Матвей кивнул, и это молчаливое согласие почему-то испугало Бориса.
— А в чем там проблема? — спросил он.
Митя внимательно посмотрел на него.
— Как ты думаешь, что придает единство и цельность твоему осознанию себя? Любовь? Гуманизм? Понимание? Милость и благосклонность?
Борис молча пожал плечами.
— Только наши нарциссические страхи и нарциссические защиты позволяют нам собрать и сохранить свое ядро, — ответил Митя на свой же вопрос, — и только с третьего контура мы можем заметить, насколько эгоистична эта наша оболочка.

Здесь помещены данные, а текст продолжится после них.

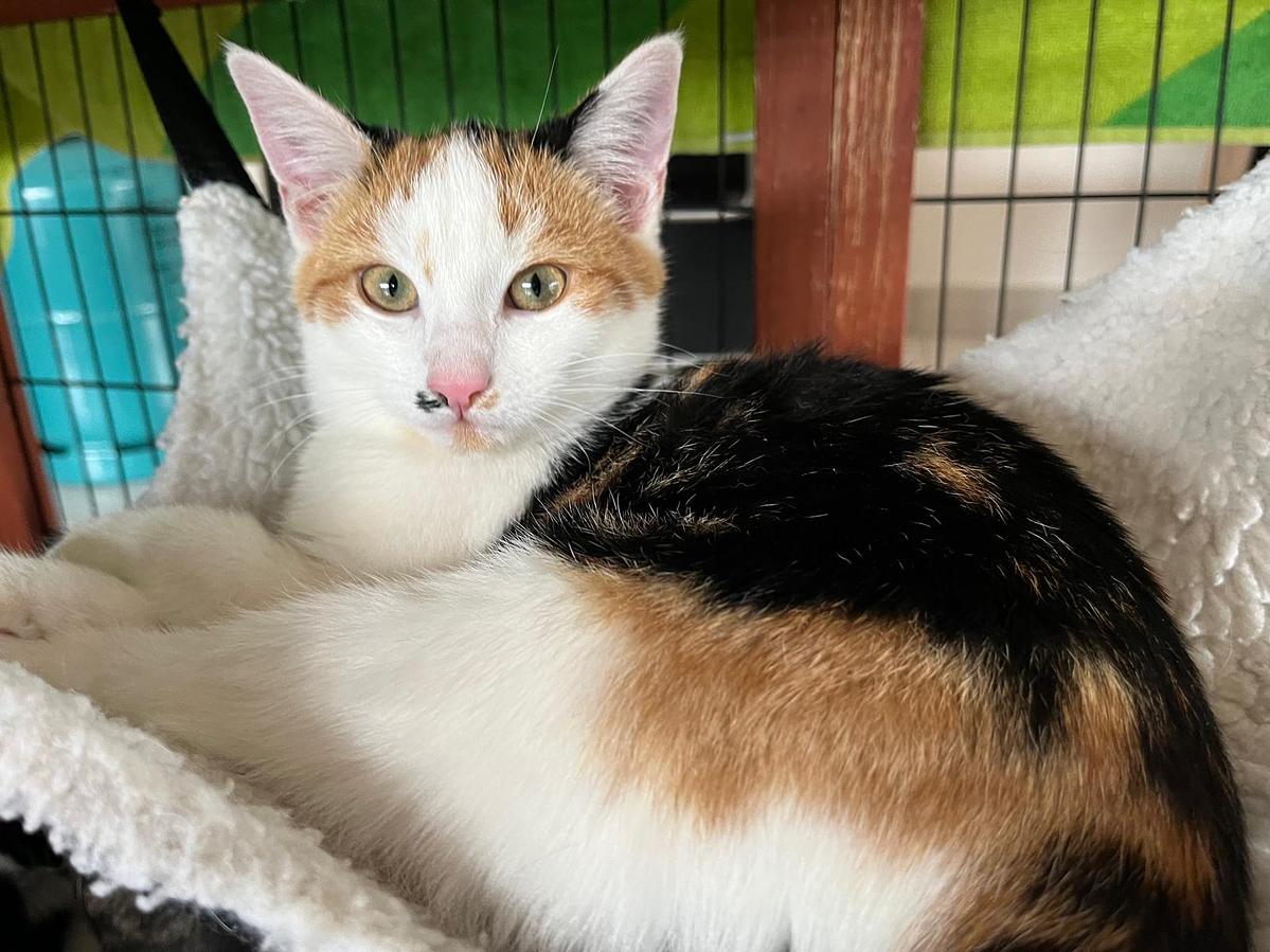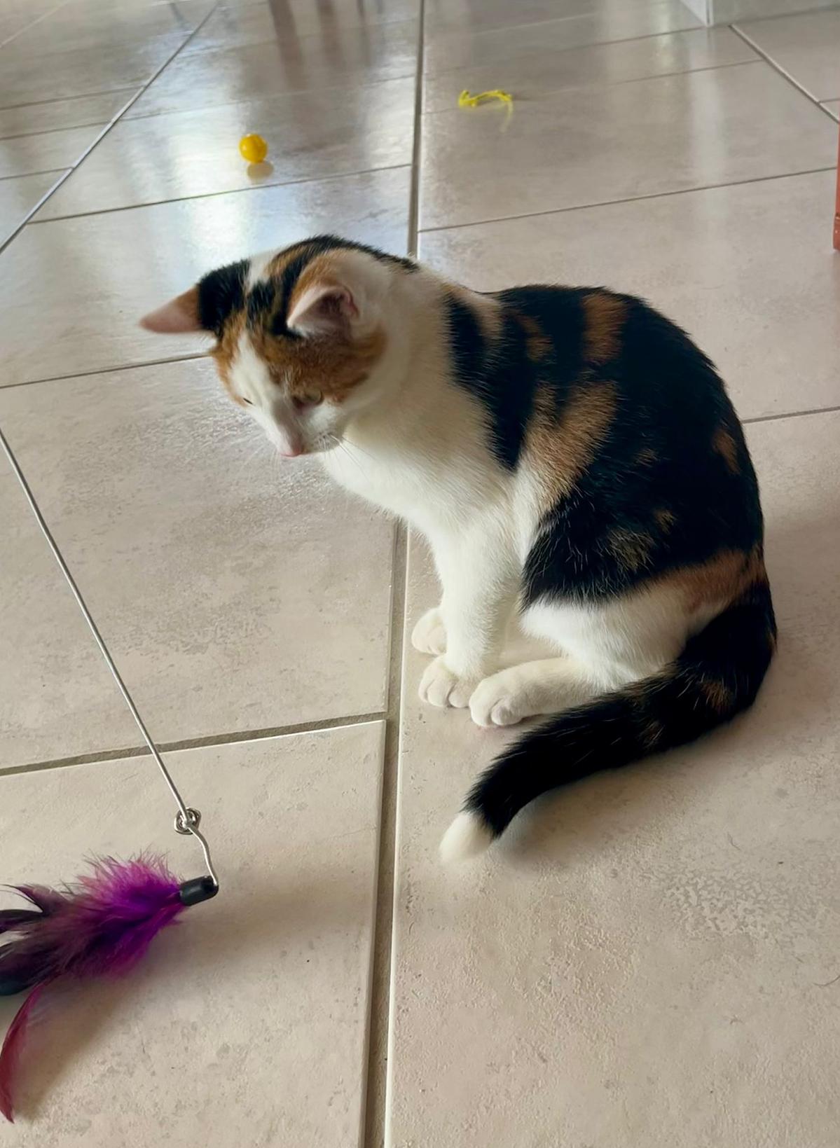 Minza – Die verspielte Schönheit mit den goldenen Augen Die tricolor Katze Minza ist eine echte Augenweide mit ihrem bunten Fell, ihren strahlend goldenen Augen und einer ganz besonderen Zeichnung im Gesicht. Es sieht aus, als hätte sie einen kleinen Schnauz, aber nur auf einer Seite, was sie einfach unverwechselbar macht.

— И к чему ты все это говоришь? — не выдержал Борис.
— А к тому, — терпеливо объяснил Митя, — что даже наш второй контур насквозь эгоцентричен и не предполагает никакого сострадания и милосердия. С чего бы им появиться во втором контуре искусственной информационной системы?
— Но ведь у нас есть и милосердие, и сострадание, — вмешалась Оля.

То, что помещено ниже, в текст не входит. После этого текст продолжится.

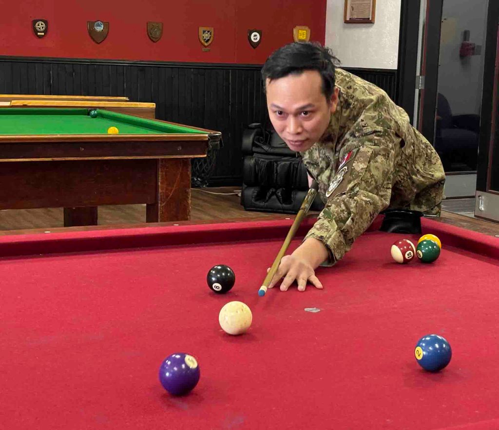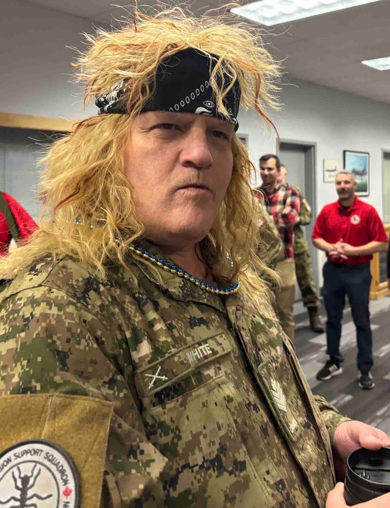 Seven unit teams presented their themed banners, works created to reflect ’80s and ’90s movies and music, including Red Dawn, Teen Wolf, Spaceballs and more. Vachon was in tears – laughter? concern? – with the Deputy Wing Command Branch banner, with its Back to the Future theme, including both Greenwood Gardens past victories and a flux capacitor-influenced look into the future when the venerable rink may not be here on the wing. SAR-Tech figures on 413 Squadron’s Ghostbusters poster, dressed as the ghost-busting attackers, also caught his attention; and he and Harper both took note of 14 Air Maintenance Squadron’s efforts to include all its shops and trades in their banner’s completion.
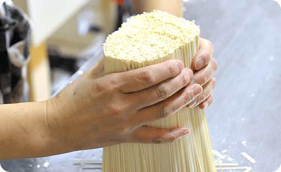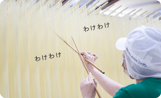 麺同士がくっつかないように、丁寧に「はし」を入れ、湿度などを調整しながら、翌日の午前8時頃まで乾燥し、約30時間かけてようやく完成です。ゆっくりと乾燥させることで表面がきめ細かになり、麺の中心部から熟成が進み、喉越しの良い麺ができます。
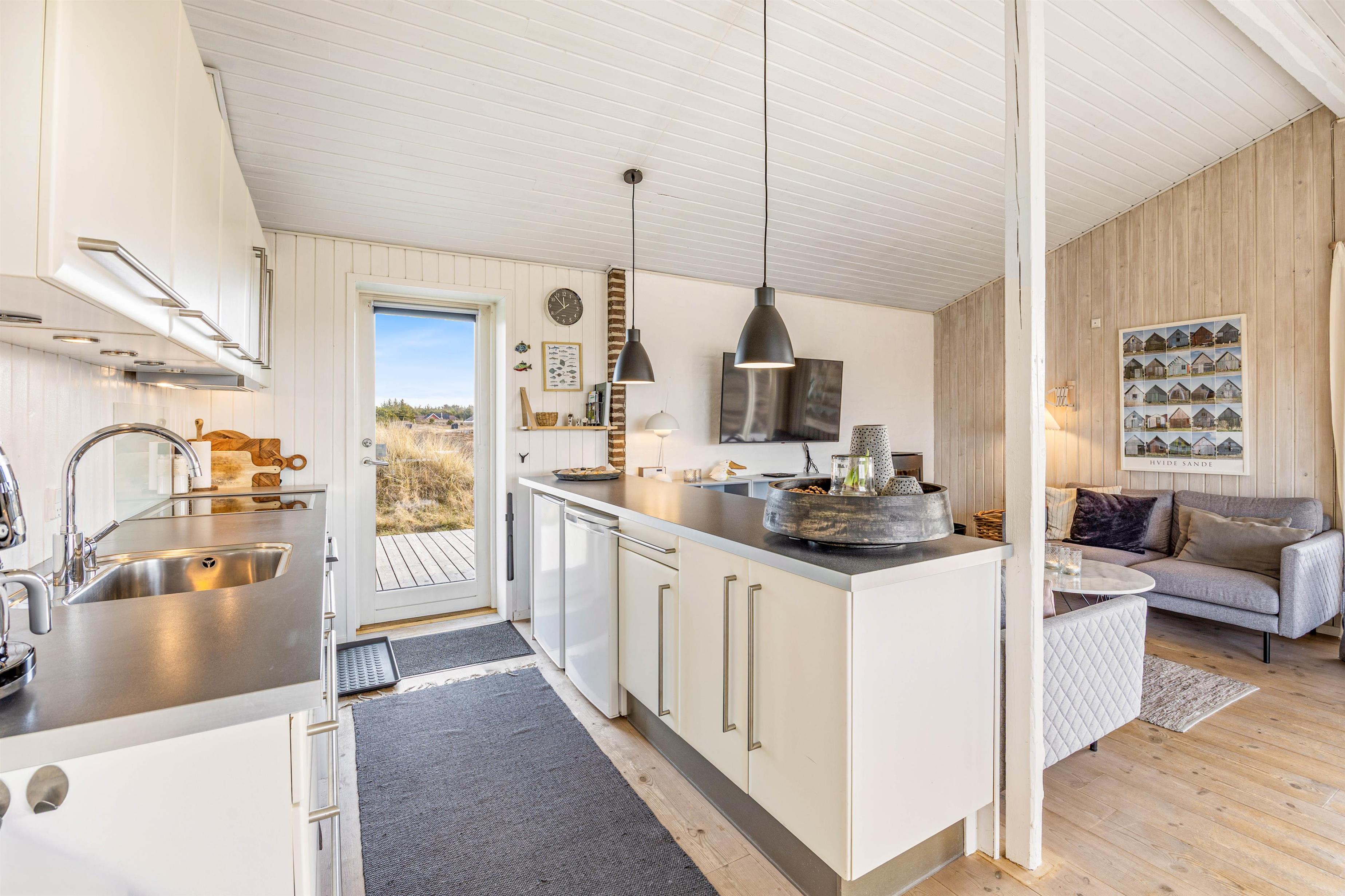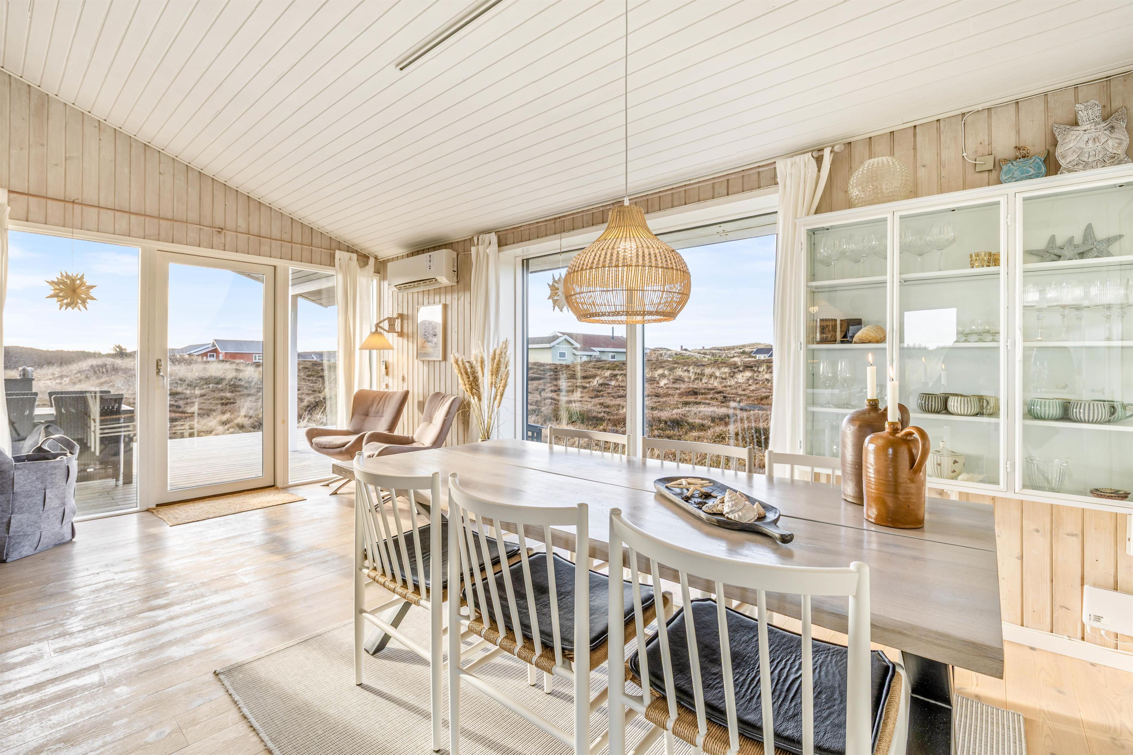 Fra opholdsrummet kan I gå direkte ud på den sydvendte terrasse, hvor I kan nyde de varme sommerdage. Terrassen fortsætter til østsiden af sommerhuset, så I kan drikke en kop kaffe til den skønne udsigt af solopgangen.

— Это другое, — отмахнулся Митя. — Это наши адаптации к жизни в обществе; у искина ничего подобного никогда не было. Но даже у нас это лишь социальная надстройка, а все центростремительные силы, удерживающие нашу цельность, сплошь нарциссичны.
Борис наконец понял, куда клонит Митя.
— Ты хочешь сказать, что если у искина появится второй контур, то его первая версия будет состоять лишь из базовых центростремительных мотиваций?
Митя кивнул.
— И значит, людям не стоит рассчитывать на его благосклонность?
— А сам-то как думаешь? — спросил Митя, и Бориса неприятно поразили прозвучавшие в голосе друга интонации куратора.
39
Борис никогда не относился серьезно к лекциям по философии, считая, что вряд ли ему когда-нибудь пригодится эта книжная мудрость. Но сейчас на языке вертелось что-то из последнего курса, вроде бы обещающее понимание, но ускользающее от точных формулировок. Он посмотрел на Митю.
— Знаешь, я сейчас вспомнил… Нам недавно читали, кажется, из Хайдеггера. Не помню точно, но смысл такой, что главной центростремительной силой, собирающей нас, является страх смерти.
— Ну да, — подтвердил Митя, — это один из нарциссических страхов. Главный, но не единственный.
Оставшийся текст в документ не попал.